### INPUT FOR THIS TASK
==================================================

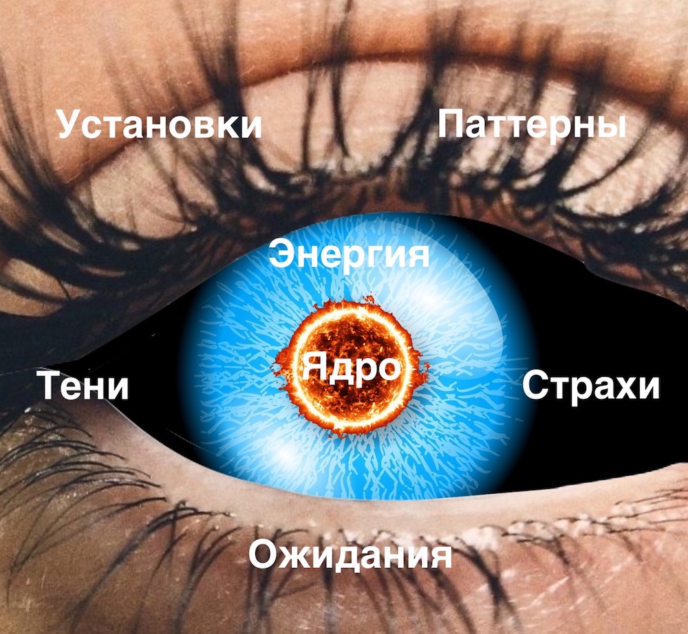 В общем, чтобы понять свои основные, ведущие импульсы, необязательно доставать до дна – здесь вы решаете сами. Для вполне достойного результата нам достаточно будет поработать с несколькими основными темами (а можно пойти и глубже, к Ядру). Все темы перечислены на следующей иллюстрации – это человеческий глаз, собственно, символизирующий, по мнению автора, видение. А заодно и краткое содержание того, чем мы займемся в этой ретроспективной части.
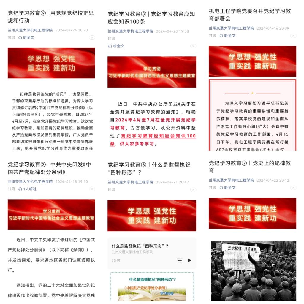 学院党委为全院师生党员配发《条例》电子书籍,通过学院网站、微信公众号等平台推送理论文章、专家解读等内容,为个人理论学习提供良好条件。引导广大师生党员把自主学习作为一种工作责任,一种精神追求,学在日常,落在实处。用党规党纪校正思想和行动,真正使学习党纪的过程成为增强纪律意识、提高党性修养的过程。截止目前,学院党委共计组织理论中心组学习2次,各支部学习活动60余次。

==================================================

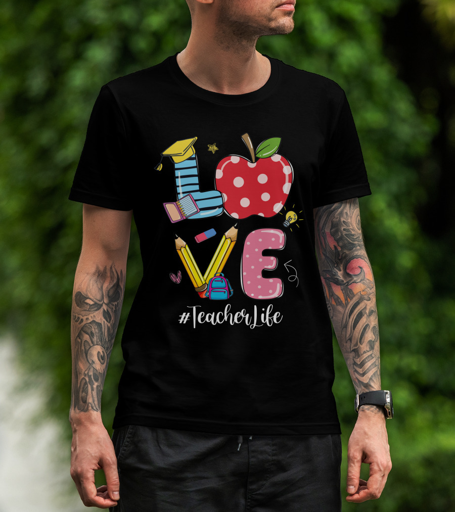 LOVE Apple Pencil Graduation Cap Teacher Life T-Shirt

==================================================

### WHAT TO PRODUCE
Everything above from the line containing "В общем, чтобы" through the line containing "学院党委为全院师生党员配发《" must be repeated exactly, and the pictures must be left out.

### RESPONSE AREA
 В общем, чтобы понять свои основные, ведущие импульсы, необязательно доставать до дна – здесь вы решаете сами. Для вполне достойного результата нам достаточно будет поработать с несколькими основными темами (а можно пойти и глубже, к Ядру). Все темы перечислены на следующей иллюстрации – это человеческий глаз, собственно, символизирующий, по мнению автора, видение. А заодно и краткое содержание того, чем мы займемся в этой ретроспективной части.
 学院党委为全院师生党员配发《条例》电子书籍,通过学院网站、微信公众号等平台推送理论文章、专家解读等内容,为个人理论学习提供良好条件。引导广大师生党员把自主学习作为一种工作责任,一种精神追求,学在日常,落在实处。用党规党纪校正思想和行动,真正使学习党纪的过程成为增强纪律意识、提高党性修养的过程。截止目前,学院党委共计组织理论中心组学习2次,各支部学习活动60余次。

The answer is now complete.